CD: il pericolo viene dai tropici
13/07/2001

di Giovannibattista Pallavicini

[Articolo tratto da ZEUS News - Notizie dall'Olimpo informatico]

Non si tratta di un virus informatico, ma di un vero e proprio fungo organico che attacca le tracce dei CD, distruggendo i dati in essi contenuti. C'e' di che temere per i nostri backup? Pare di no.

Se abbiamo sempre temuto per i dati contenuti nei nostri PC a causa dei virus informatici che potevano danneggiarli irrimediabilmente, ora non possiamo nemmeno stare piu' tranquilli eseguendo copie periodiche di bakcup su CD. Nature.com ha infatti rivelato una scoperta avvenuta per caso che svela i danni irrimediabili causati da un fungo a un supporto di archiviazione ottica.

Il pericoloso microorganismo solitamente attacca come parassita piante, animali e occasionalmente l'uomo, ma pare che si trovi particolarmente a suo agio anche lungo le tracce incise su di un CD. Si anniderebbe infatti all'interno dei pit o microsolchi presenti sul dispositivo ottico che rappresentano i dati archiviati e si nutrirebbe dello strato di carbonio di cui e' costituito il disco. In tal modo finirebbe con il rosicchiare letteralmente i dati presenti sul CD e renderlo pertanto illeggibile.

I primi sintomi di una tale infezione sono rinvenibili nella sostanziale perdita di colore del fondo del disco che diviene via via piu' trasparente fino a perdere del tutto i dati su di esso contenuti e le sue proprieta' di scrivibilita'.
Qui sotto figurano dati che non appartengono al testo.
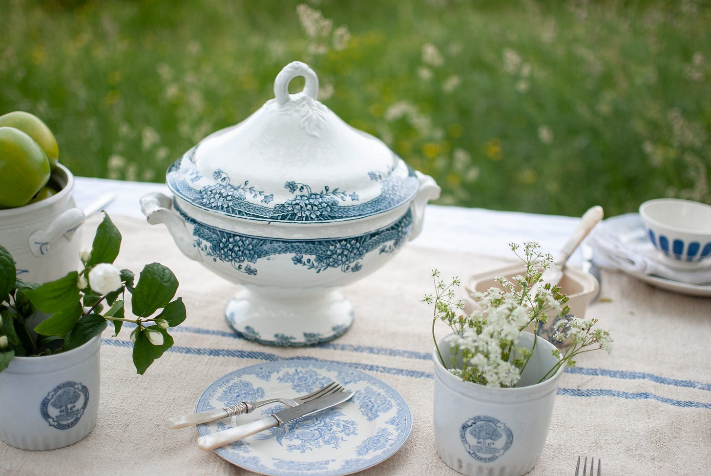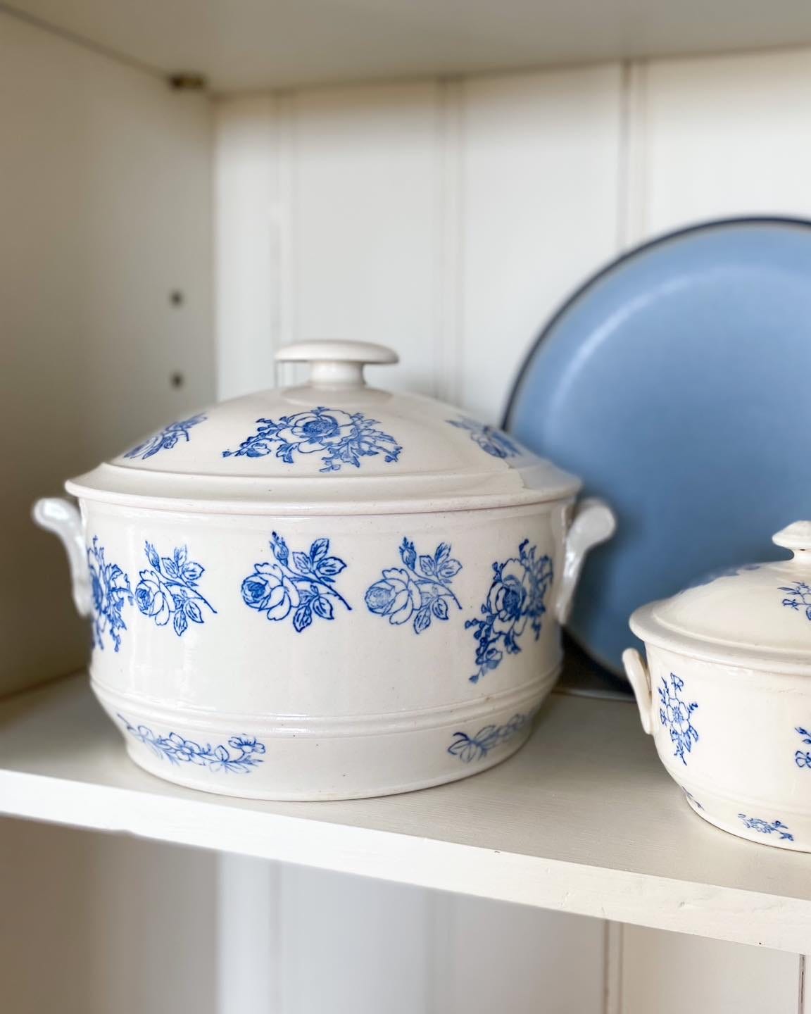 These are a type of tureen designed specifically to serve soup or sauces. There is usually a notch in the lid for a ladle to remain in it while the lid is on. Again, these come in all sorts of shapes and sizes and, while we don’t often serve soup like that anymore, they are very popular as display pieces on a dresser, as fruit bowls and particularly as planters for spring bulbs. Even if you are just serving strawberries in the garden the lid is rather handy for keeping the wasps and flies off.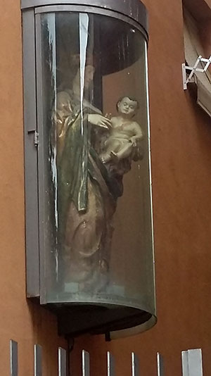 En la belena de Portalapea, sobre una ménsula, resguarda por un fanal, se conserva una talla de la primera mitad del siglo XVI, de ecos flamenquizantes, que estuvo situada en una hornacina en el Portal de la Galea que daba entrada al Burgo de San Cernin, en la zona conocida como Portalapea, por situarse a los pies de este Portal. Este tramo de las murallas se mantuvo hasta bien avanzado el siglo XVII, tal como da testimonio la documentación de un proceso judicial en 1651. Desaparecidas las murallas, la imagen se conservó en la fachada de uno de los edificios construidos sobre los fundamentos de las murallas. Allí estuvo, en concreto en una amplia hornacina en la casa n.º 14 de la calle San Saturnino, hasta que, tras la recuperación de la parte baja de las murallas de esta zona, la imagen quedó en la belena, adosada a los muros que se apoyan en los fundamentos de las murallas.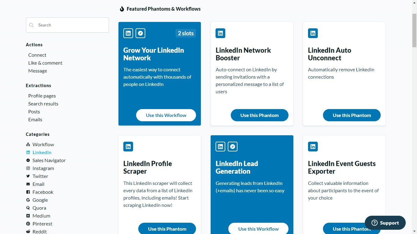 Avec ses "Phantoms" dédiés à la recherche d'informations sur une multitude de plateformes, de LinkedIn à TikTok, PhantomBuster vous permet d'accéder facilement à des données précieuses en quelques clics seulement. Que ce soit pour élargir votre audience, trouver l'inspiration pour votre contenu ou analyser la concurrence, cet outil offre une solution puissante et intuitive.

C'e' di che preoccuparsi seriamente? Non si direbbe proprio a meno che non viviate ai tropici o a Cuba: il fungo infatti vive e prolifera quasi esclusivamente in ambienti molto caldi e particolarmente umidi, come appunto i Paesi caraibici. Ma se siete ai Caraibi probabilmente avrete di meglio da fare che smanettare con i CD!